% Generated by roxygen2: do not edit by hand
% Please edit documentation in R/PsychWordVec.R
\name{data_transform}
\alias{data_transform}
\title{Transform plain text data of word vectors into a compressed ".RData" file.}
\usage{
data_transform(
  file.load,
  file.save,
  sep = " ",
  header = "auto",
  encoding = "auto",
  compress = "bzip2",
  compress.level = 9,
  verbose = TRUE
)
}
\arguments{
\item{file.load}{File name of raw data (must be plain text).
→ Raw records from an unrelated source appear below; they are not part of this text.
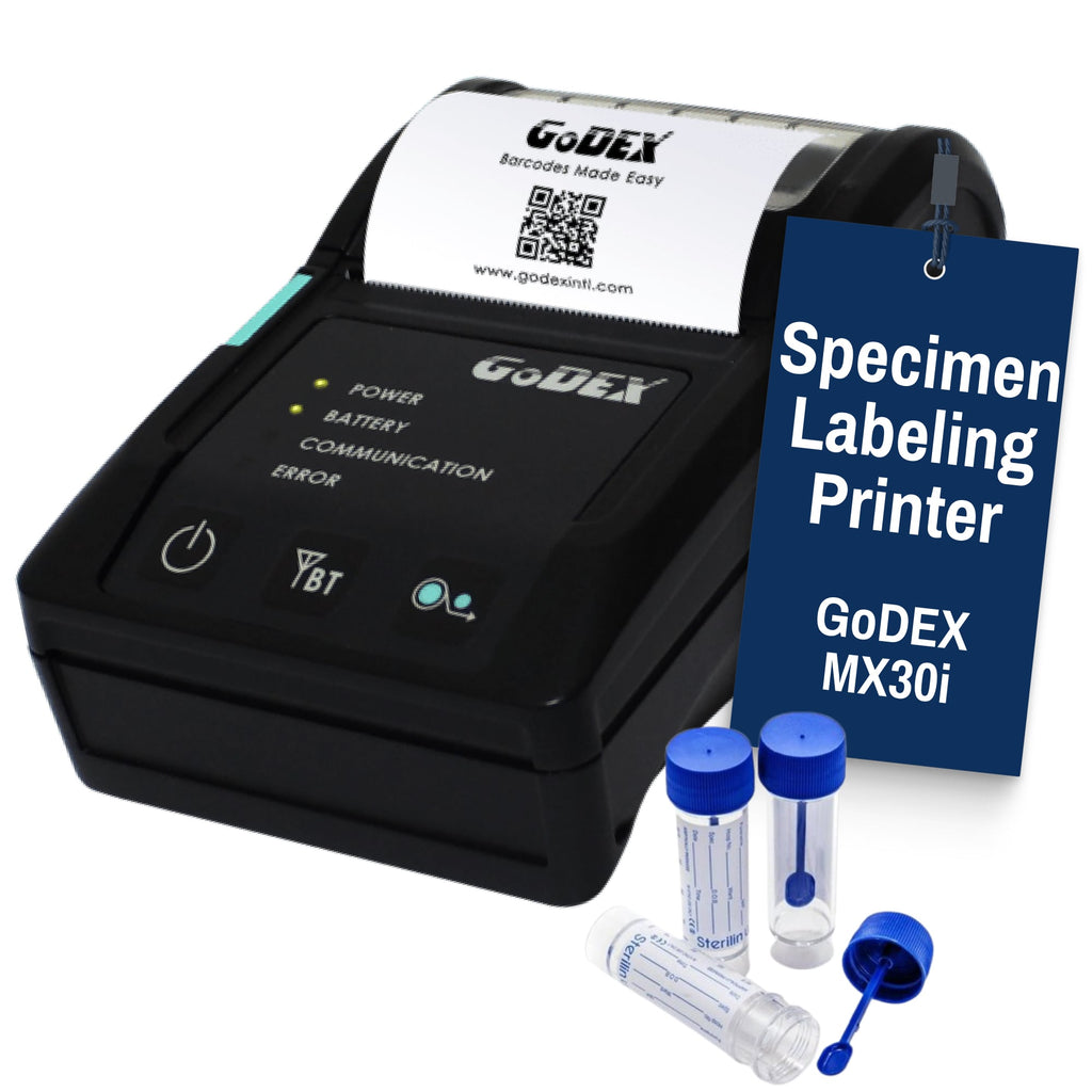 The GoDEX MX30i is a portable specimen labeling printer designed for mobile clinical workflows. It prints clear and reliable labels for specimen transport bags, collection cups, vials, containers and administrative lab forms. Because it uses direct thermal printing, there is no ink or toner to replace, and staff can print labels anywhere they need them. This makes the MX30i ideal for bedside specimen collection, mobile blood draws, outpatient rooms, satellite labs and field clinics.
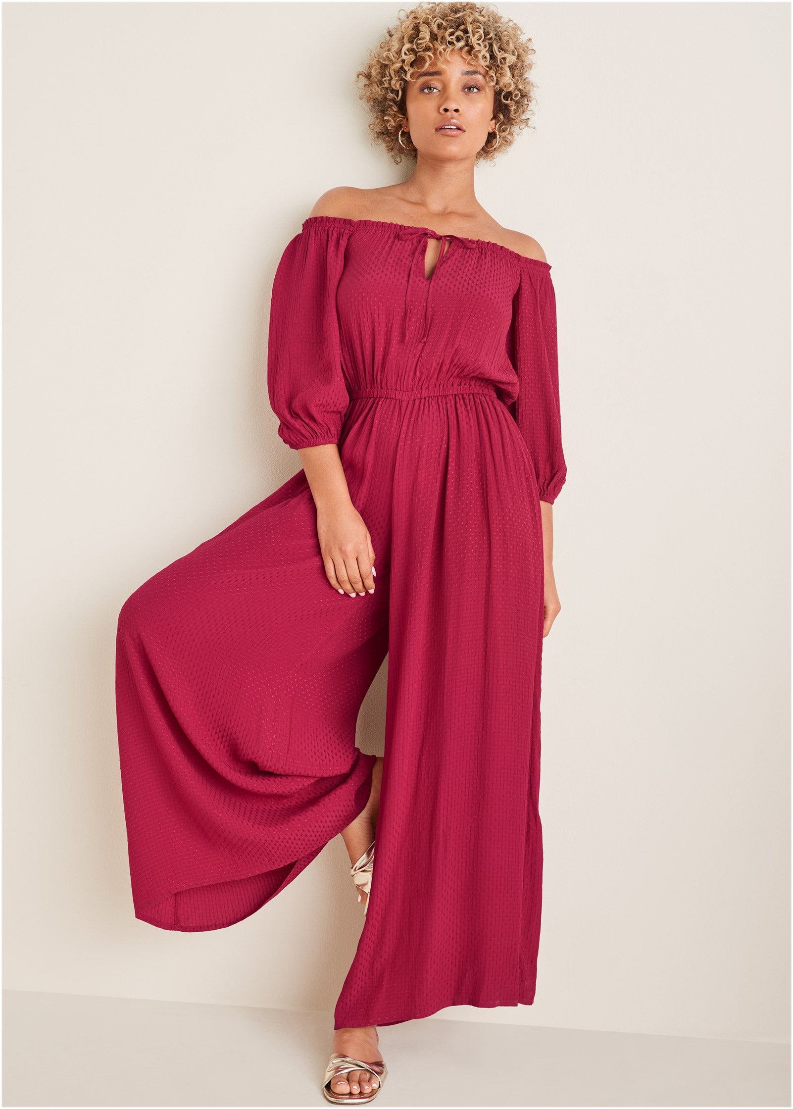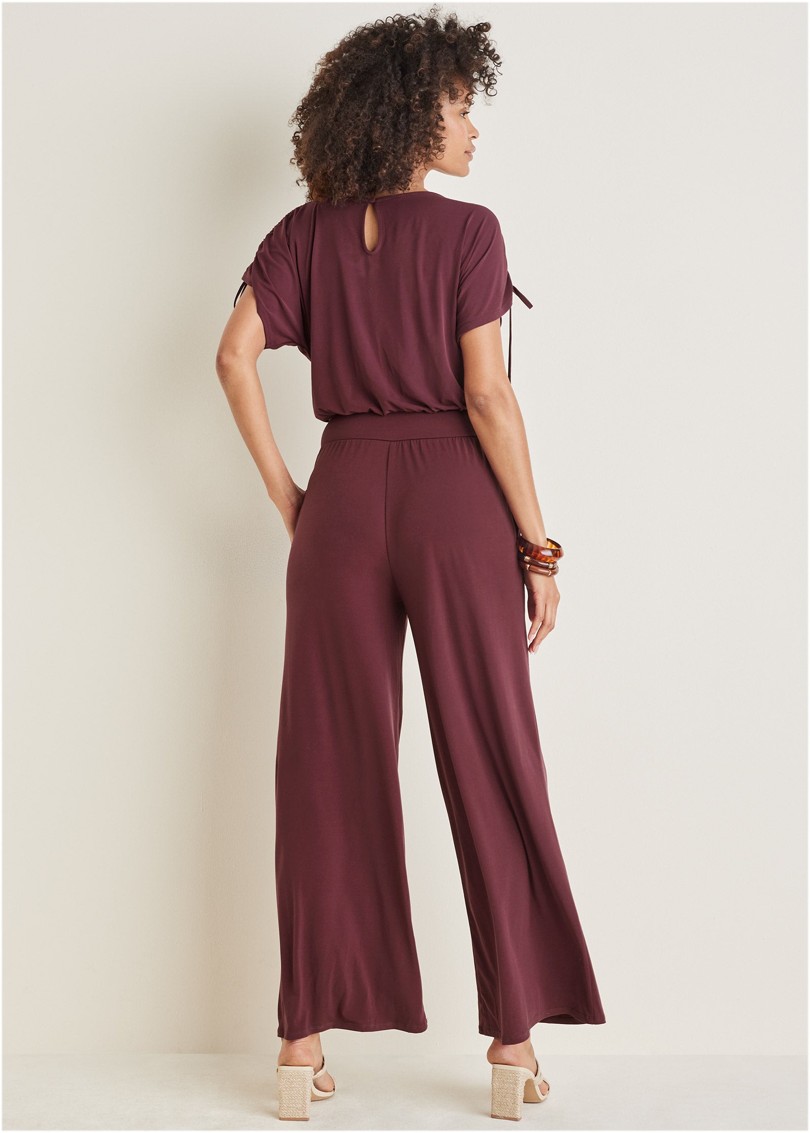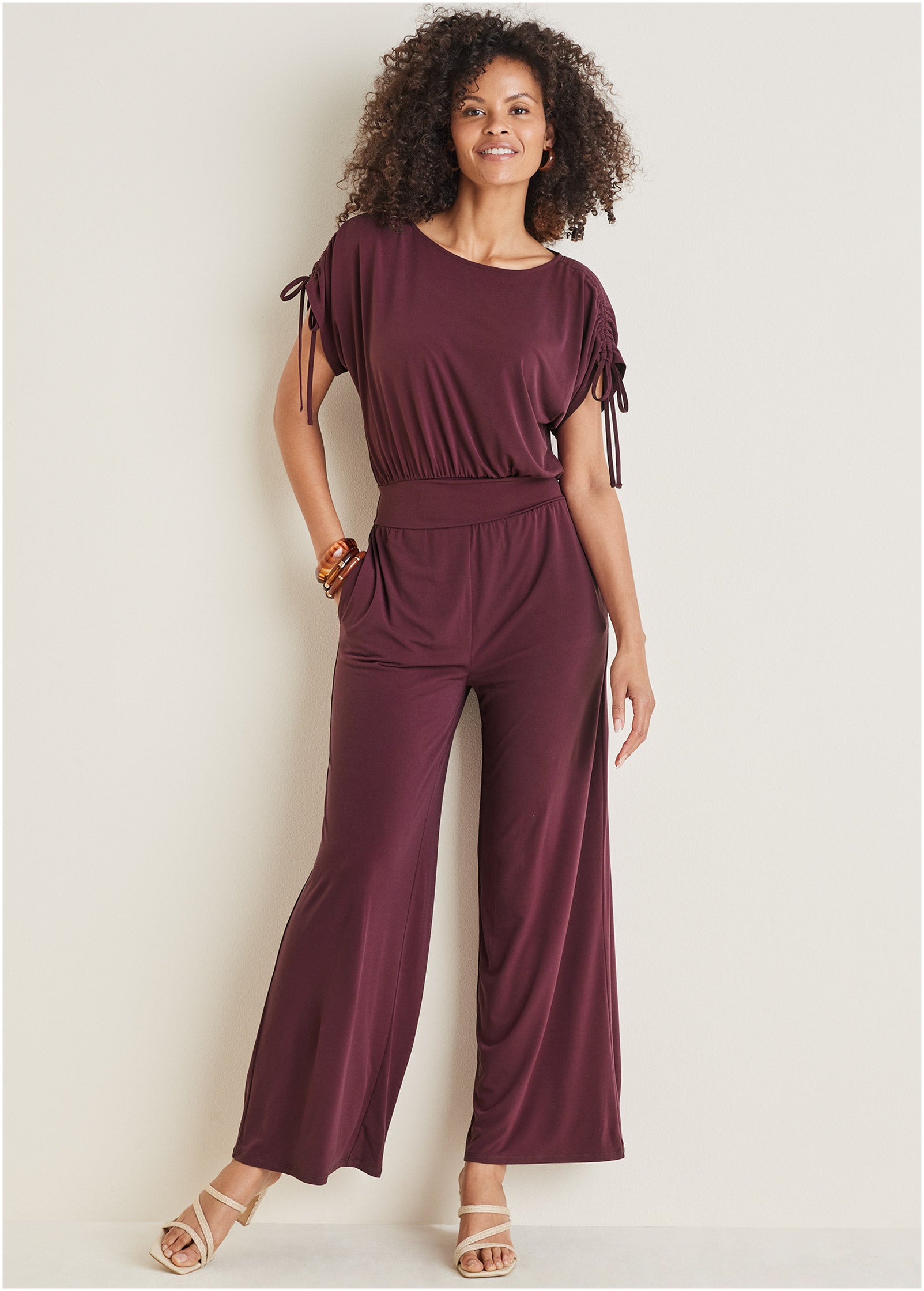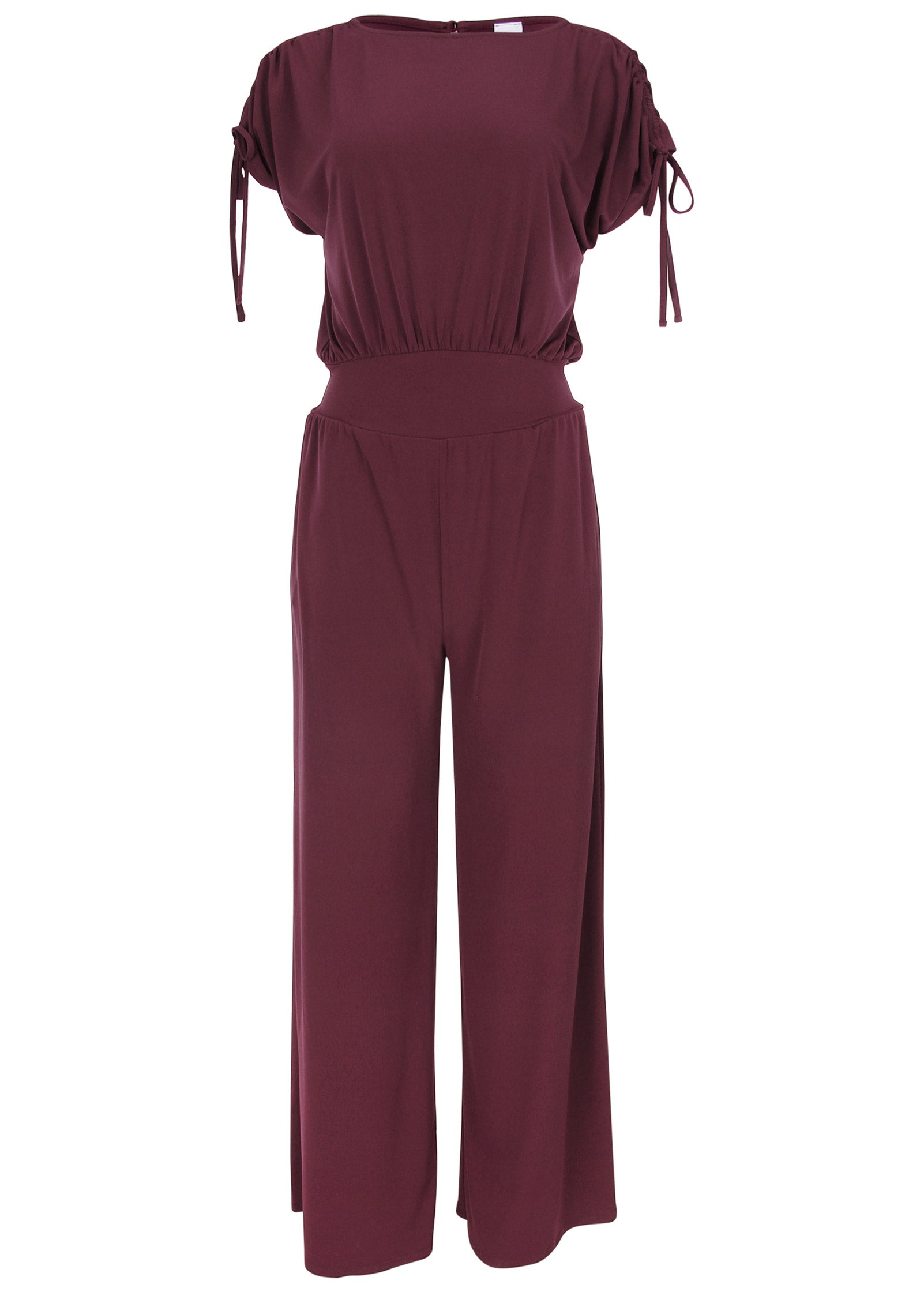 Shoulder Detail Wide Leg Jumpsuit - Wine
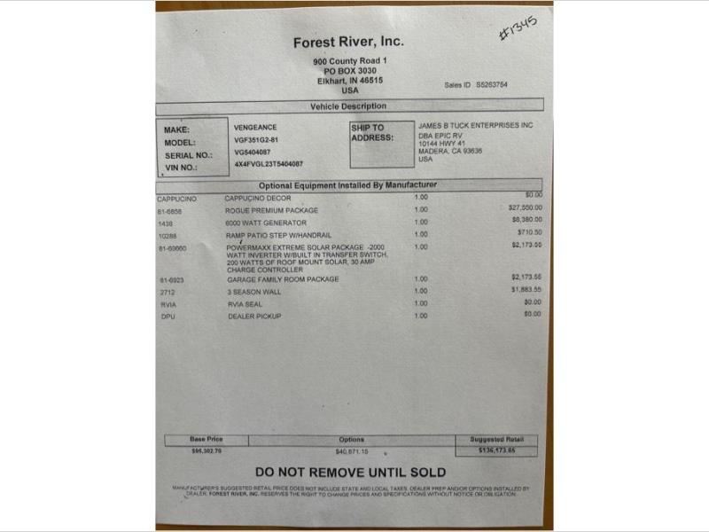 New 2026 Forest River RV Cherokee Vengeance 351G2 Toy Hauler Fifth Wheel
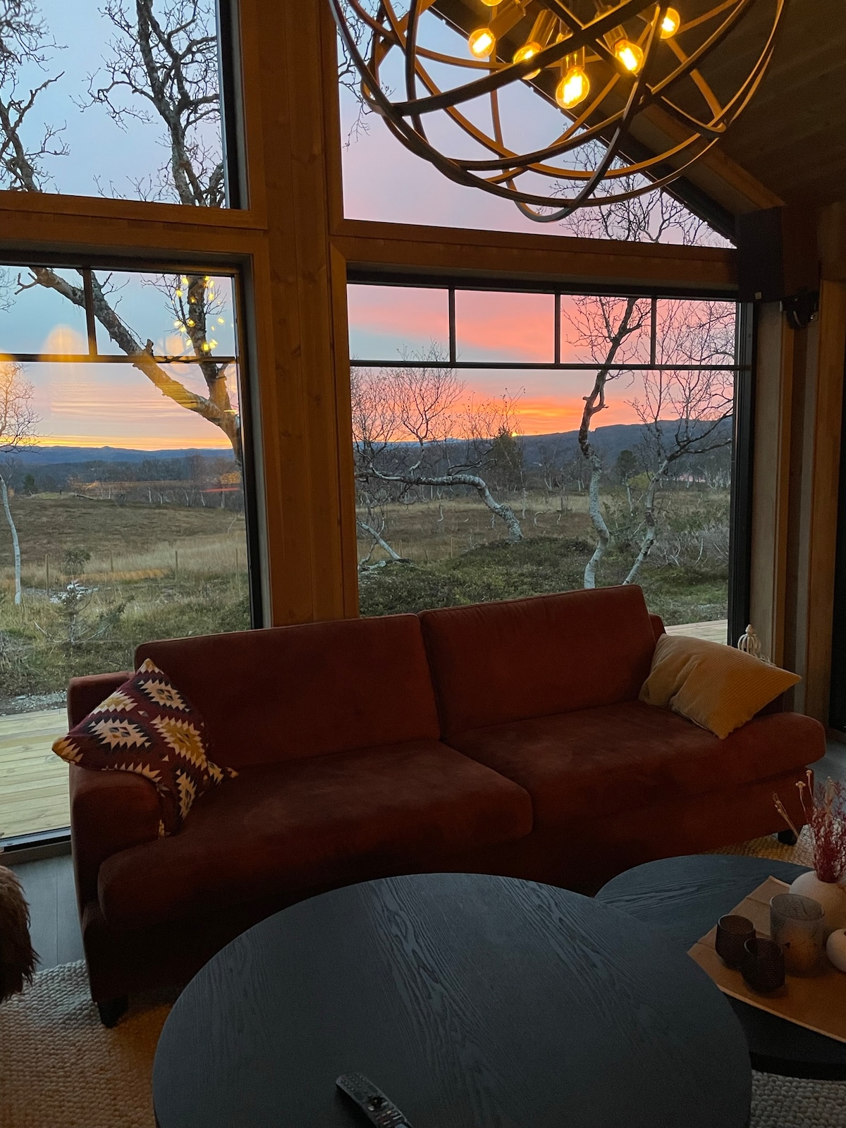 Nybygd tretopphytte i Romundstadbygda i Rindal, med 360° fantastisk panoramautsikt til fjellene i Trollheimen. Kom hit og nyt utsikten i helt stille omgivelser uten noen naboer eller forstyrrelser. Mye dyreliv i området, her kan det plutselig vandre en elg rett utenfor verandaen. Oppkjørt skiløype 150m fra hytta, veldig gode turmuligheter sommer og vinter. Mulighet for fiske og småviltjakt. Fiskekort og småviltkort i Rindal utmarkslag er inkludert i leien.
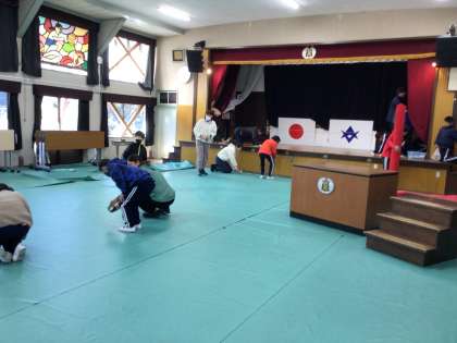 仮に敷いていたシートを整え、卒業生用の赤絨毯の一部を設置しました。
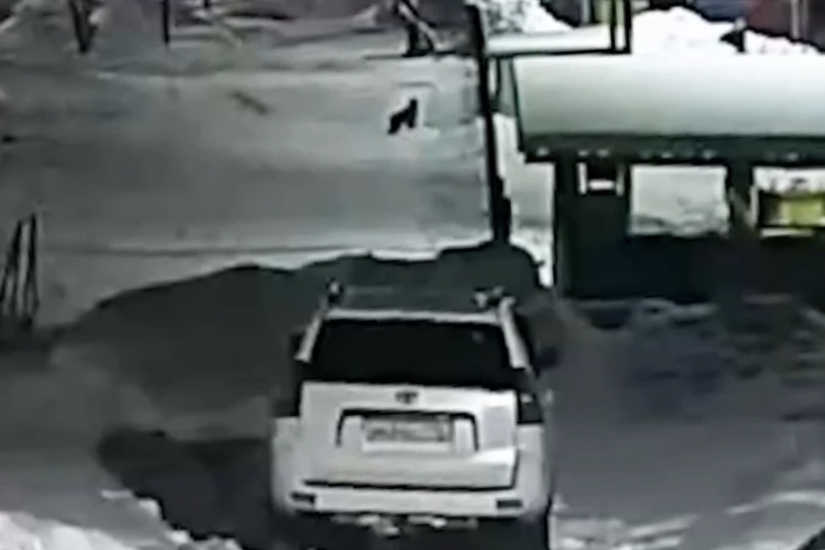 Уличная камера запечатлела инцидент. На кадрах видно, как животное бежит по заснеженной дороге, после чего обходит припаркованные автомобили.
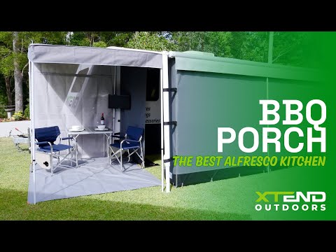 The Xtend Outdoors BBQ Porch is a great addition to extend your living area, cook on your BBQ, or to simply provide a dry, shaded area to relax under. This simple set up porch has a heavy duty vinyl roof that withstands majority of weather conditions.
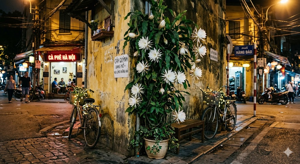 Tôi bồn chồn trong lòng. Vòng quanh phố, hoa trồng cũng nhiều chủng loại lắm! Thắm tươi của màu hoa đỏ thì khắp ngõ phố đều có. Rỡ ràng màu vàng cũng không hiếm. Kiếm tìm đỏ mắt ít thấy màu trắng khoe sắc trong nắng. Tỏa hương thơm về đêm càng vắng! Tôi nhớ lúc còn ở quê, anh P.T.T đam mê cây cảnh, hoa thơm đầy ngõ, khắp vườn. Dường như mỗi bước chân vào nhà hoa đơm kín lối. Mùi thơm len lỏi nếp áo, nếp khăn. Anh giỏi xin ở đâu được một khóm hoa quỳnh.
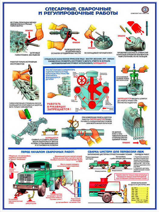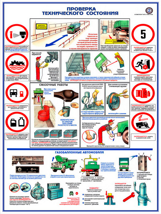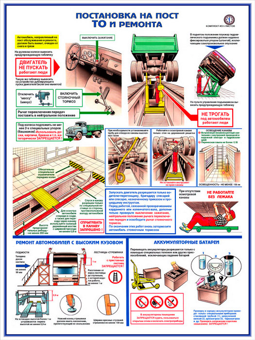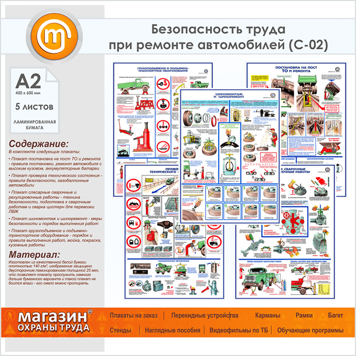 Плакат «Техника безопасности при ремонте автомобилей» (С-02, ламинированная бумага, А2, 5 листов) в Сургуте купить

Data must be in this format (values separated by \code{sep}):

cat 0.001 0.002 0.003 0.004 0.005 ... 0.300

dog 0.301 0.302 0.303 0.304 0.305 ... 0.600}

\item{file.save}{File name of to-be-saved R data (must be .RData).}

\item{sep}{Column separator. Defaults to \code{" "}.}

\item{header}{Is the 1st row a header (e.g., meta-information such as "2000000 300")?
Defaults to \code{"auto"}, which automatically determines whether there is a header.
If \code{TRUE}, then the 1st row will be dropped.}

\item{encoding}{File encoding. Defaults to \code{"auto"}
(using \code{\link[vroom:vroom_lines]{vroom::vroom_lines()}} to fast read the file).
If specified to any other value (e.g., \code{"UTF-8"}),
then it uses \code{\link[base:readLines]{readLines()}} to read the file,
which is much slower than \code{vroom}.}

\item{compress}{Compression method for the saved file. Defaults to \code{"bzip2"}.

Options include:
\itemize{
  \item \code{1} or \code{"gzip"}: modest file size (fastest)
  \item \code{2} or \code{"bzip2"}: small file size (fast)
  \item \code{3} or \code{"xz"}: minimized file size (slow)
}}

\item{compress.level}{Compression level from \code{0} (none) to \code{9}
(maximal compression for minimal file size). Defaults to \code{9}.}

\item{verbose}{Print information to the console? Defaults to \code{TRUE}.}
}
\value{
A \code{data.table} (of new class \code{wordvec}) with two variables: \code{word} and \code{vec}.
}
\description{
Transform plain text data of word vectors into a compressed ".RData" file.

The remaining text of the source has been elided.